# Stopped gaining



## ableton (May 24, 2013)

haven't gained a pound in the last month, usually i wouldn't care, but i'm on cycle. I'm now eating about 5500 calories a day, quite excessive at 13.5 stones. But still no luck??


----------



## bigtoe900 (Jul 26, 2012)

How long you been on, what you runnin and whats your trainin like


----------



## Elvis82 (Mar 23, 2012)

If you do cardio or long weight sessions, reduce them, burn less calories in the gym, leave more calories to grow. I know some big guys only lift weights mon wed fri which is plenty for them. Push pull legs mainly.


----------



## Smitch (Dec 29, 2008)

Wow, what does an average days eating look like?

That's a lot of food.


----------



## platyphylla (Feb 17, 2014)

Walnuts, almonds, peanuts, whey + **** loads of whole milk - whack in a blender.

Couple of cups worth of nuts + whole milk is well over 1000 calories, and easy to get down.

Or just take more steroids.


----------



## Dark sim (May 18, 2013)

platyphylla said:


> Walnuts, almonds, peanuts, whey + **** loads of whole milk - whack in a blender.
> 
> Couple of cups worth of nuts + whole milk is well over 1000 calories, and easy to get down.
> 
> *Or just take more steroids*.


^^^Oh dear and did you not hear him he said he is already consuming 5500 calories, he doesn't need more at his weight. That is pretty much what I would bulk on.


----------



## Mingster (Mar 25, 2011)

Elvis82 said:


> If you do cardio or long weight sessions, reduce them, burn less calories in the gym, leave more calories to grow. I know some big guys only lift weights mon wed fri which is plenty for them. Push pull legs mainly.
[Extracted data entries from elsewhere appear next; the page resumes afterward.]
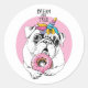 Imagen De Afishka | Shutterstock. ID de la imagen: 1229091874 | Perrito adorable Pug con una máscara de unicornio: peluca, cuerno y con un donut rosado. Sueño hecho realidad - cita con letras.
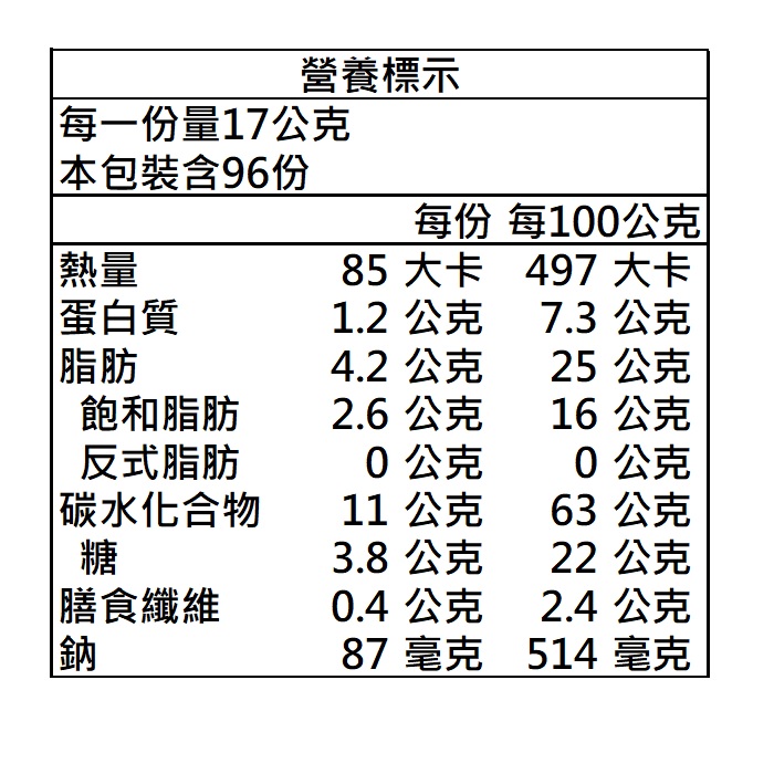 | 包裝內容/商品規格 | 17gX8入(136g)*12入 |
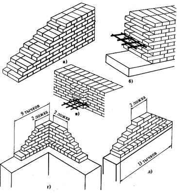 Убежная штраба по сравнению с вертикальной обеспечивает лучшую связь соединяемых участков стен. В вертикальные штрабы для надежности соединений кладки закладывают стальные сетки по высоте из продольных прутков диаметром 4-6 мм и поперечных диаметром З м, укладываемых через 1,5 м по высоте, в том числе в уровне каждого перекрытия. Убежными штрабами (рис.9, г. д) в виде небольших участков стен высотой до шести рядов выкладывают на наружных верстах маяки, которые используют в процессе кладки для закрепления причалок. Маяки располагают по углам (рис.9, б) на расстоянии 10... 12 м друг от друга.
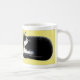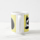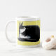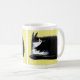 Un estilizado, color, dibujo del dibujo animado de un gato del smoking, se acumuló de muchas líneas finas tramadas. El gato se encrespa para arriba, remetido adentro, él es cola a través de la base del dibujo. El fondo en esta variación de la impresión es amarillo.
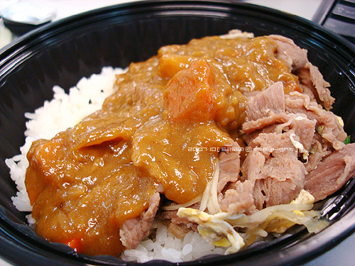 『極辣惡魔雞蓋飯』ms. N 說這個便當讓我家部門的D先生感動的『流下少男的眼淚』。我在一旁笑到流淚。D先生的眼淚跟鼻涕是用噴的~哈!灌了幾杯水之後,接著衝去樓下買冰飲。 ms. A說『這家店果然沒有偷工減料!』哈哈哈哈~D先生捲著一包面紙去了廁所....

With the limited information available my money would be on this ^^^^ as being the solution to your problem.


----------



## dann19900 (Dec 29, 2012)

could be a vitamin deficiency...or aids lol


----------



## 39005 (Nov 25, 2013)

people have already said it, cut back on the training to allow more of your calories to go into building muscle , looking at your physique in your avi you run a very fine balancing act with your food (thats providing you didnt take the photo just after a cut, i cant remember how long its been up there).

you might lose some ab definition etc but can cut back into it and you will know then that thats what the problem was (very fine calorie balancing that is split between work and gym) - do more at one or the other and your body will split the calories as needed and doesnt care which one (work or gym) (or weights and cardio etc if you are not working)

*if you are taking any stop anything like T3's and any stimulants.


----------



## MRSTRONG (Apr 18, 2009)

if one of the 3 links are weak gains will stall .

training

diet

gear

all those need to work together to gain .

sounds like a combo of over eating , too much cv and saturation of gear .

bring cardio down , train less , eat better food sources , change gear compounds those are what i would look at .


----------



## platyphylla (Feb 17, 2014)

Dark sim said:


> ^^^Oh dear and did you not hear him he said he is already consuming 5500 calories, he doesn't need more at his weight. That is pretty much what I would bulk on.


If you can't gain weight you need to eat more. What you would bulk on is irrelevant because his body will act differently.


----------



## Dark sim (May 18, 2013)

platyphylla said:


> If you can't gain weight you need to eat more. What you would bulk on is irrelevant because his body will act differently.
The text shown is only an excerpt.